Thursday, December 29, 2011

A Tenured Professor - John Kenneth Galbraith

I've been recently struggling to figure out what is the relevance of John Kenneth Galbraith today. Galbraith reached the highest point of his career with The New Industrial State, and afterwards he repeated himself, albeit elegantly and gently.  His economic ideas have become mantras for the American left and he preferred written arguments over econometric analyses, which goes against mainstream academic economics. While Galbraith is a required reading for the economic historian, it is hard to find a place for him in today's economic debate.

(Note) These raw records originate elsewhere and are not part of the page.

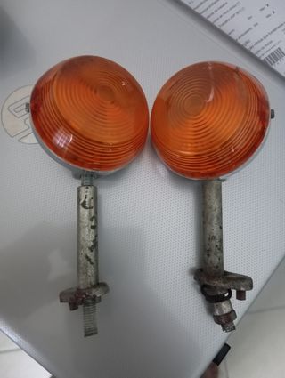 Par de piscas dianteiros antigos para Honda CB125 de 1976. Apresentam sinais de uso e desgaste, mas estão em bom estado geral. - Modelo clássico. - Lentes laranja. - Parafusos de fixação inclusos. - Precisar de restauro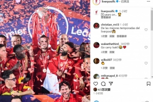 2019-2020賽季,利物浦提前7輪鎖定英超冠軍,在2020年7月22日主場(chǎng)對(duì)陣切爾西的比賽之后,利物浦球員們捧起隊(duì)史首座英超冠軍獎(jiǎng)杯。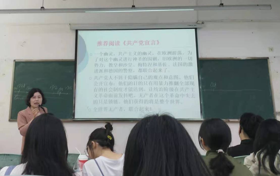 经典文献进课堂。邓海霞在课堂教学的过程中,根据教学内容,适时穿插经典文献,如讲解马克思主义传入中国的时候,带领大家朗读《共产党宣言》片段,导学文献主要精神,加深对马克思主义的理解。讲解五四运动、党的成立、红军长征、抗日战争的时候,把习近平系列重要讲话精神融入课堂教学,加深理解红色精神的时代价值。讲解革命新道路的时候,有机融入毛泽东诗词以及毛泽东选集的经典文章,深刻理解毛泽东思想活的灵魂,感受毛泽东的伟大。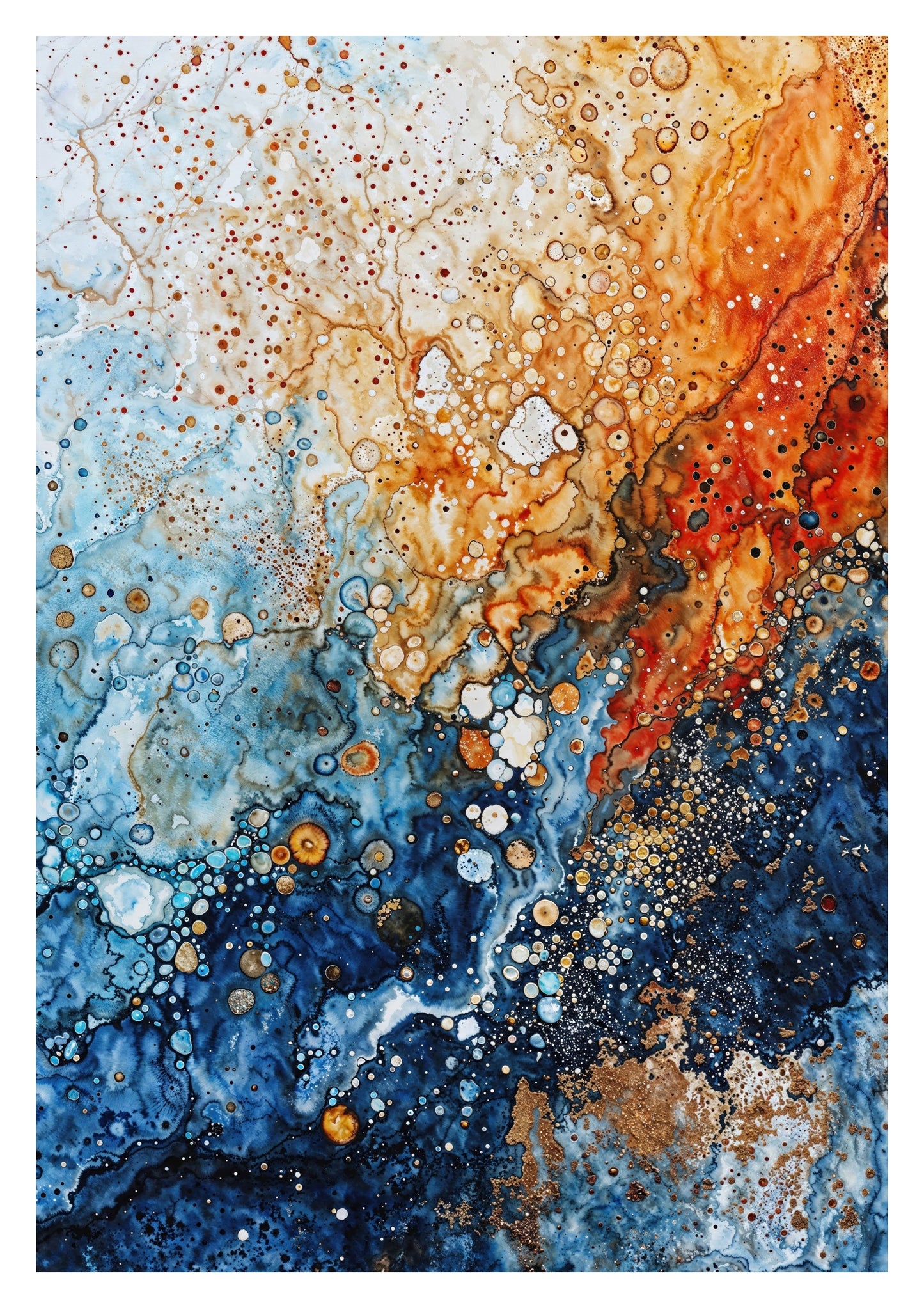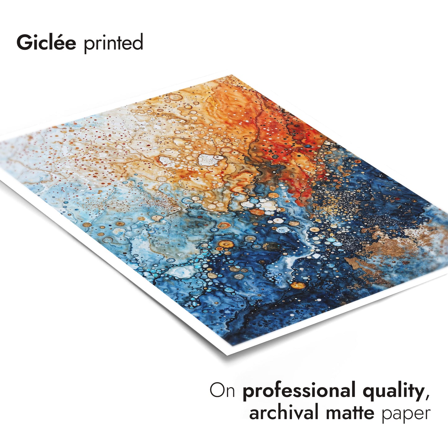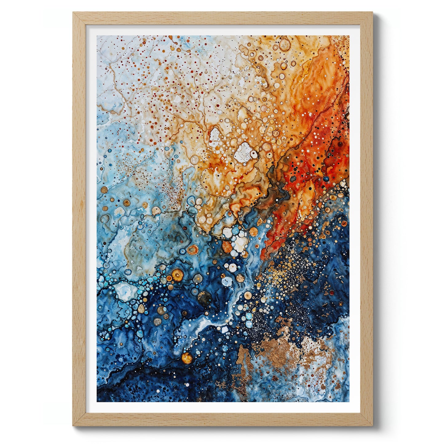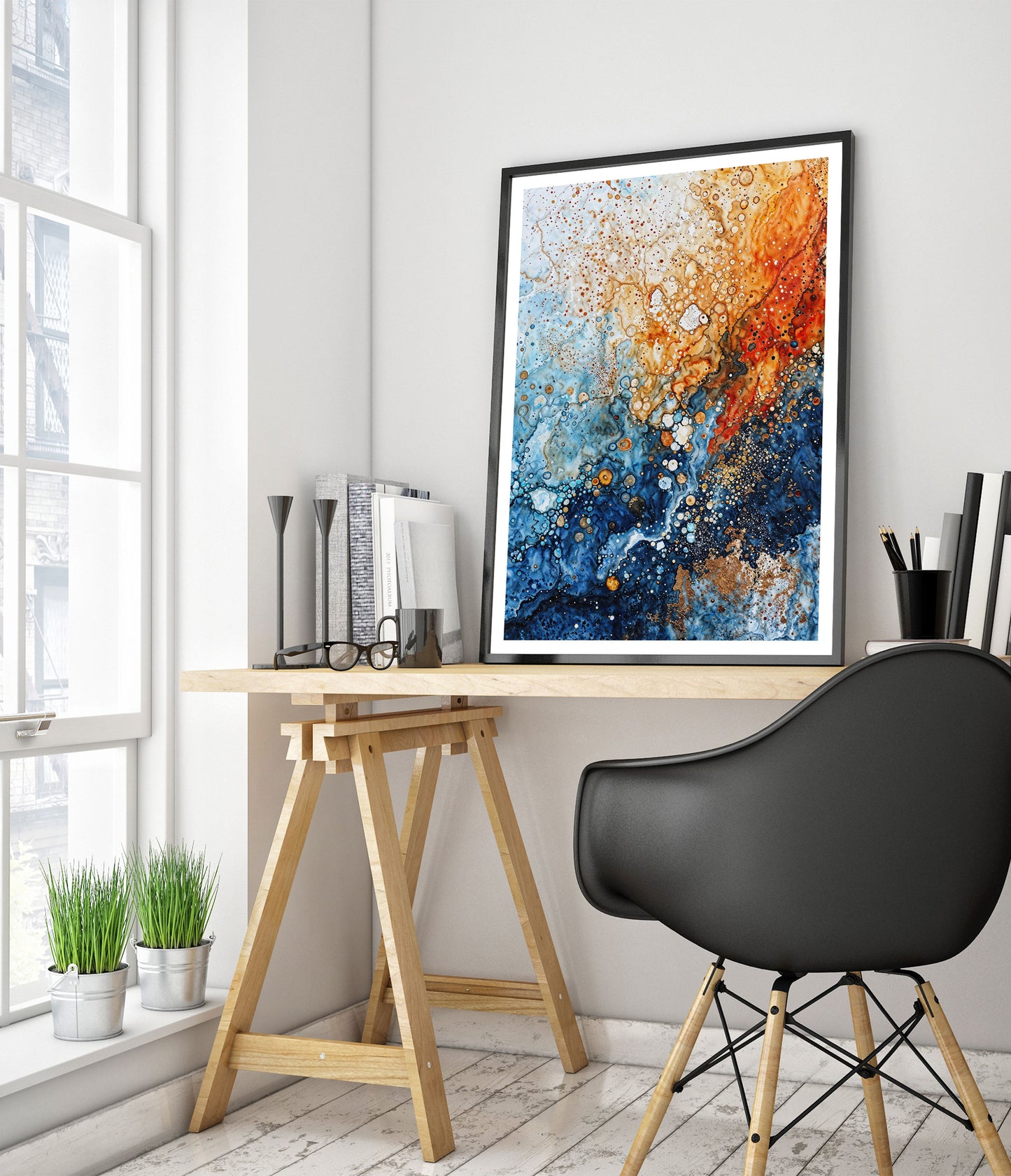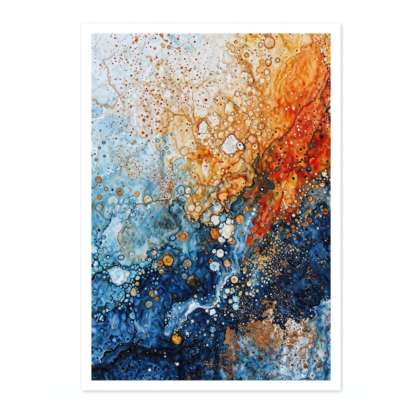 "Marble, Portrait II" abstract art poster showcases a mesmerizing blend of vibrant blue, orange, and white hues. The intricate marble-like patterns create dynamic, fluid movements, evoking a sense of depth and complexity. This stunning abstract painting poster is perfect for adding a touch of contemporary elegance and artistic flair to any space.

A Tenured Professor, a satyric novel written in the mid 80s, is probably Galbraith's only book that offers something refreshing to today's readers. And this is not because Galbraith writes something that you can't find in any of his other books. If you take literature away, A Tenured Professor presents Galbraith's arguments of all life: critiques against multinationals, consumerism, over-specialization in academia, lobbies, the rational expectations theory, the mainstream left, the Republican Party, the SEC, college students, Ivy League universities, and so on. You can find all that in The New Industrial State, written in the late sixties, or even in The Affluent Society, written in 1957. (One can argue how smart is a person who says the same things over and over for more than 30 years, but that's another discussion).

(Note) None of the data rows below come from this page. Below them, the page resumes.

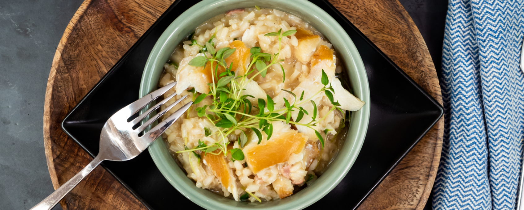 Framgangsmåte på risotto med røkt hyse, timian og bacon: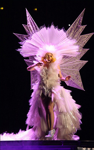 当晚Gaga装扮依然是前卫另类,展示了带铆钉的黑皮三点式热辣舞衣配渔网袜,顶着丝线飘飘的大斗篷,戴着夸张的白色“扇子帽”。此外还在手上、胸部涂满红色涂料“鲜血淋漓”,和同样装扮的舞群一块热舞,被猛男贴身并抱入怀中。当晚Gaga的姿势也非常大胆豪放,时而劈腿时而俯身让臀部来个特写。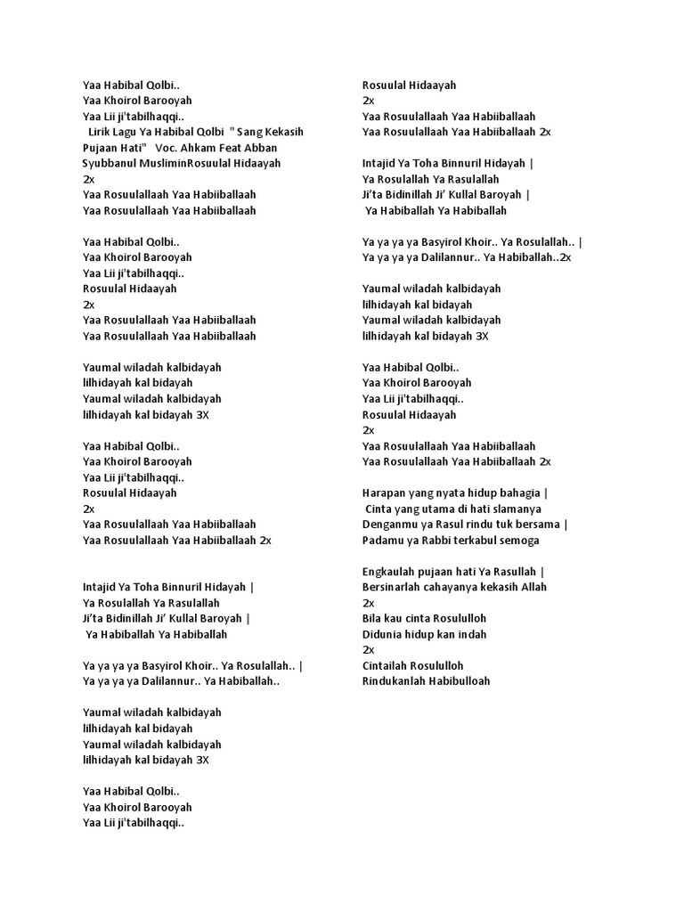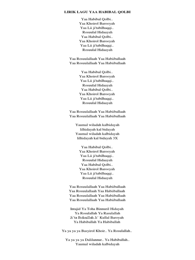 Lirik Lagu Ya Habibal Qolbi Indonesia / Lirik ya habibal qolbi oleh sabyan gambus. Lirik Lagu Ya Habibal Qolbi Indonesia - Lirik lagu sholawat ya habibal qolbi versi sabyan gambus.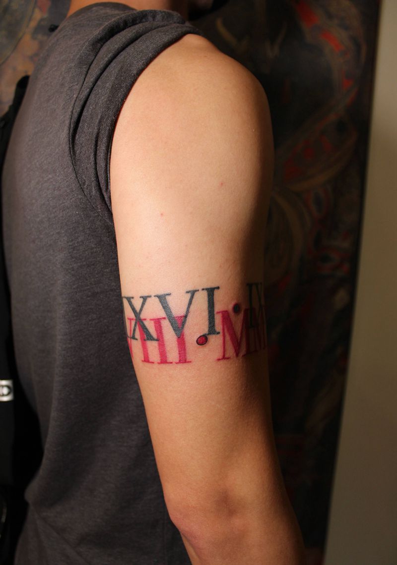 • T家庭图,一家四口生日纪念!纹身图片_手臂纹身图案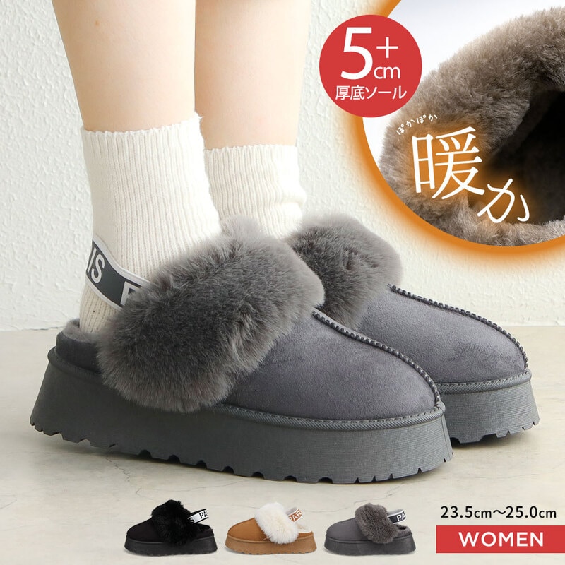 サボサンダル レディース 厚底 4cm ムートン ファー 厚底 ファー スリッポン ムートン 秋冬 ブラック 黒 グレー ブラウン...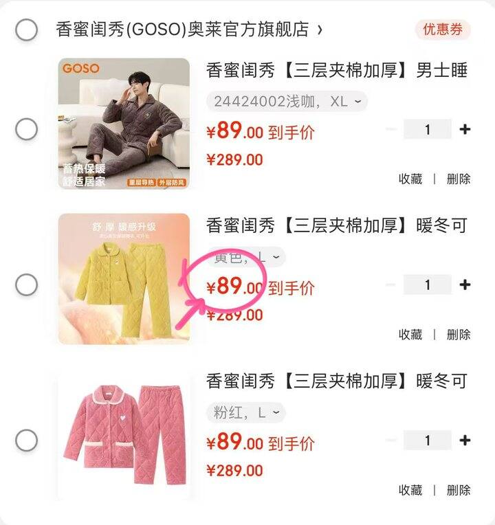 香蜜闺秀三层夹棉加厚睡衣 💰89

The reason why A Tenured Professor offers something good for today's readers is its sense of humor and its constant and relentless irony. Humor is usually the first weapon used in autocratic regimes, and probably the most effective one in democracy.The target of irony or mockery is damned if he replies and damned if he doesn't.

There is no single page in A Tenured Professor that doesn't a critique to something, but with humor and reducing everything to the absurd. This is probably more effective than Galbraith's usually bilious critiques: it's well known that honey is more effective than vinegar.

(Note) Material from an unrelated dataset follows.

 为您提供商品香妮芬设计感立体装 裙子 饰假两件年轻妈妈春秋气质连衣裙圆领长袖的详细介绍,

Galbraith wrote this book after being accomplishing everything any American economist dreams of: academic and popular success, involvement in high-level policy making, commercial success. Galbraith could afford writing this book only at that point in his life, once he had nothing to lose because he had succeeded at everything. The main character of A Tenured Professor is actually a professor who would like to get involved in politics actively but only does it once he succeeds as an academic and as a businessman. In a way, the book is a satire of Galbraith himself. And mocking oneself is simply a masterpiece in itself.

The book is also a mockery of himself.